Articles by Ariane C. C. van Spreeuwel in JoVE
Engineering Skelettmuskulatur Vävnader från murinceller myoblast progenitorceller och tillämpning av elektrisk stimulering Daisy W. J. van der Schaft1, Ariane C. C. van Spreeuwel1, Kristel J. M. Boonen1, Marloes L. P. Langelaan1, Carlijn V. C. Bouten1, Frank P. T. Baaijens1 1Department of Biomedical Engineering, Soft Tissue Biomechanics and Engineering, Eindhoven University of Technology, The Netherlands Konstruerad muskelvävnad har stor potential i regenerativ medicin, som sjukdomsmodell och även som en alternativ källa för kött. Här beskriver vi konstruktion av en muskel konstruktion, i detta fall från stamceller mus myoblast celler, och stimulering av elektriska pulser.

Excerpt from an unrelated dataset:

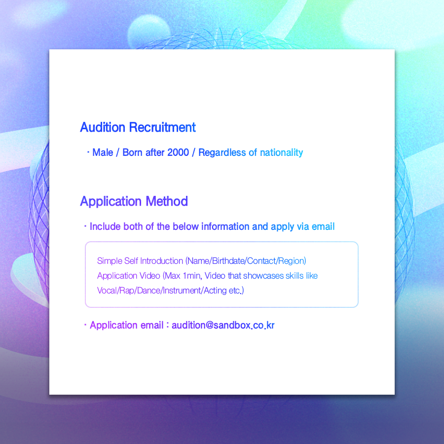 第一階段海選申請可向SANDBOX官方海選信箱(audition@sandbox.co.kr)提交,多詳情可以在SANDBOX官網(www.sandbox.co.kr)的公告中查看

Other articles by Ariane C. C. van Spreeuwel on PubMed
Mechanoregulation of Vascularization in Aligned Tissue-engineered Muscle: a Role for Vascular Endothelial Growth Factor Tissue Engineering. Part A. Nov, 2011 | Pubmed ID: 21702712 Skeletal muscle tissue engineering has major promise for regenerative treatment of patients suffering from muscle loss due to, for example, traumatic injury, but faces considerable challenges to progress toward clinical application. In the present study the creation of an aligned prevascularized muscle tissue was addressed. We hypothesized that an aligned vascularized three-dimensional (3D) muscle tissue can be induced in vitro by merely using uniaxial stress. The present study showed that not only do endothelial cells and muscle cells independently align in the direction of uniaxial stress in a hydrogel-based 3D culture system, but also, more importantly, the endothelial cells in the co-cultured 3D constructs organized into vascular structures. Strikingly, in these cultures no additional growth factors were needed to induce vascular formation of the endothelial cells. Vascular endothelial growth factor (VEGF) production by the muscle cells was stimulated by the uniaxial stress that develops in the tissue when constrained in one direction. This stress accompanied by VEGF production appeared to play a key role in the organization of the endothelial cells into vessel-like structures.